Posted: Wed Jan 09, 2013 10:14 am
In $\triangle ABC$, the internal bisector of $\angle C$ meets the circumcircle again at $R$, the perpendicular bisector of $BC$ at $P$ and the perpendicular bisector of $AC$ at $Q$. The mid point of $B$ is $K$ and the mid point of $AC$ is $L$. Prove that $\triangle RPK$ and $\triangle RQL$ have the same area.

### Re: IMO 2007 Problem 4

Posted: Wed Jan 09, 2013 7:49 pm

### Re: IMO 2007 Problem 4

Posted: Thu Jan 10, 2013 8:14 am
My Proof
Let $O$ be the circumcenter of $ABC$. I proved $OP=OQ$ by angle chasing.
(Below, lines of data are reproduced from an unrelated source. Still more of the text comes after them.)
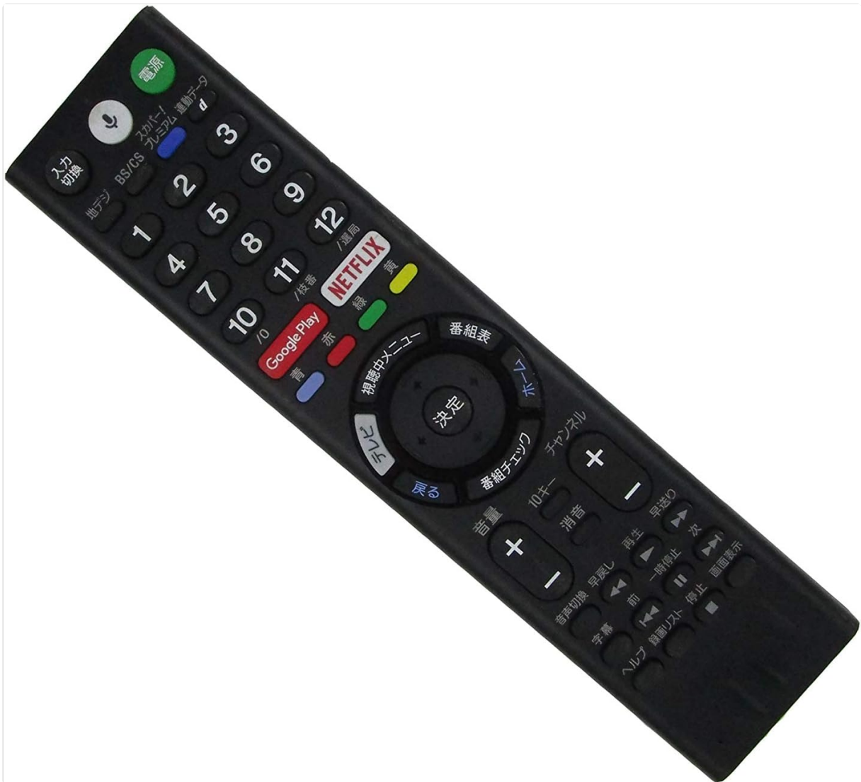
Figure 2: Front view of the remote control.
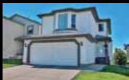
170 TUSCARORA CLOSE NW
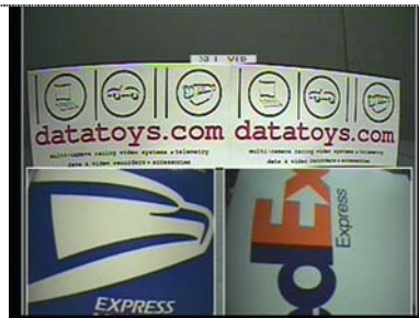
Video Mode 5
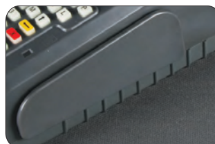
Magnetic Swipe Card Reader
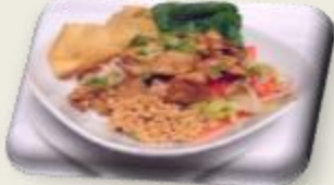
Thai Spicy Jumbo Noodle

Duck Noodle Soup Slices of Fried 1/4 duck, egg noodle(wheat), bean sprout, scallion, cilantro., fried garlic & chive leaves in light soup..... 19
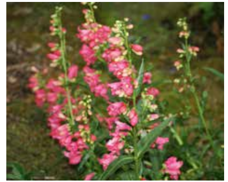
Penstemon hybrid 'Pink Chablis' Beard-tongue
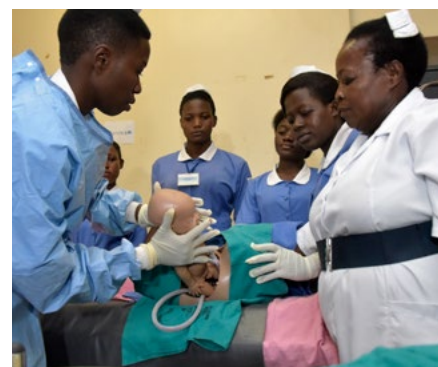
Women studying to become midwives at Mulago School of Nursing and Midwifery.

So $a^2-OP^2=a^2-OQ^2$ ($a=$ radius of $\bigcirc ABC$). Hence $RP\cdot PC=RQ\cdot QC$. By the similarity of $\triangle LCQ$ and $\triangle PKC$, the fact follows immediately.
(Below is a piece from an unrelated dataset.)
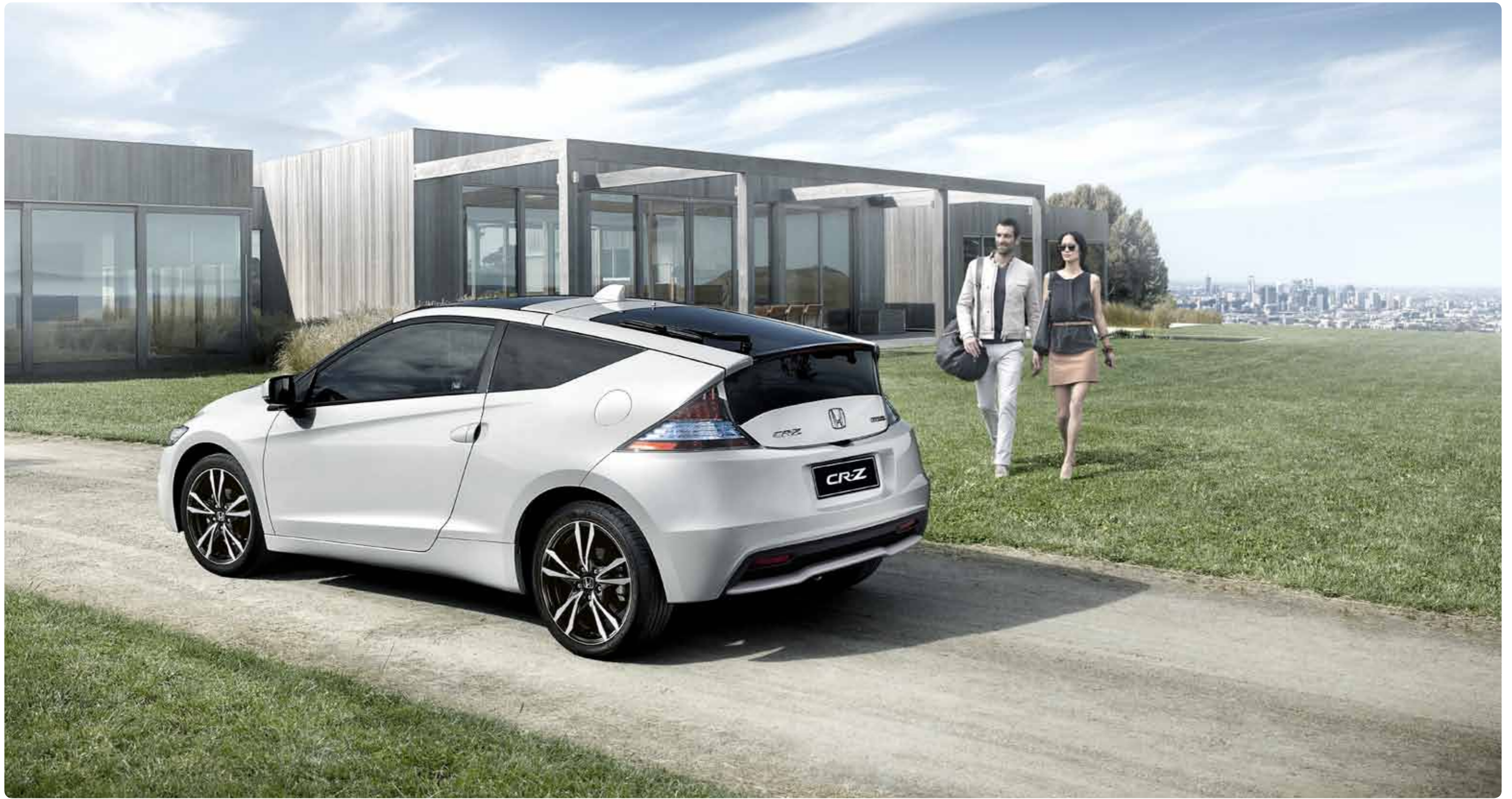
CR-Z shown in Premium White Pearlescent.

### Re: IMO 2007 Problem 4

Posted: Fri Jan 11, 2013 10:45 pm
My proof :

$\displaystyle \frac{1}{2}. RC .\frac{1}{2}BC.sin(\frac{c}{2})-\frac{1}{2} .(\frac{1}{2}BC)^2.tan(\frac{c}{2})=\frac{1}{2}. RC. \frac{1}{2}AC.sin(\frac{c}{2})-\frac{1}{2} .(\frac{1}{2}AC)^2.tan(\frac{c}{2})$

$\longleftrightarrow \displaystyle RC.cos(\frac{c}{2})=\frac{AB+AC}{2}$ if $AB \neq AC$ ortherwise $AB=AC$

Which is true indeed (trust me )

### Re: IMO 2007 Problem 4

Posted: Fri Jun 02, 2017 1:59 pm
Let's draw $RX$ perpendicular on $PK$ which intersects thevcircumcirle of triangle $ABC$ at $M$
$RX$ is parallel to $BC$
So, $BRMC$ is a trapizoid.
So, $BR$=$MC$
Again, $BR$=$AR$ is known as $CR$ in the angle bisector of angle $ACB$
So, $AR$=$MC$ and it makes $ARCM$ cyclic trapizoid
Then $MR$=$b$
$XK$ bisects both $BC$ and also $RM$
So, $RX$=$$\frac{1}{2}b$$
Similarly we can prove $RY$=$$\frac{1}{2}a$$
And draw $RY$ perpendicular on $QL$
Here in the right angled triangle $PKC$,
$PK$=$$\frac{1}{2}atan\frac{1}{2}C$$
Similarly in triangle $LCQ$,
$QL$=$$\frac{1}{2}btan\frac{1}{2}C$$
So, $$[RPK]=\frac{1}{2}PK*RX=\frac{1}{8}abtan\frac{1}{2}C$$
Again, $$[RQL]=\frac{1}{2}QL*RY=\frac{1}{8}abtan\frac{1}{2}C$$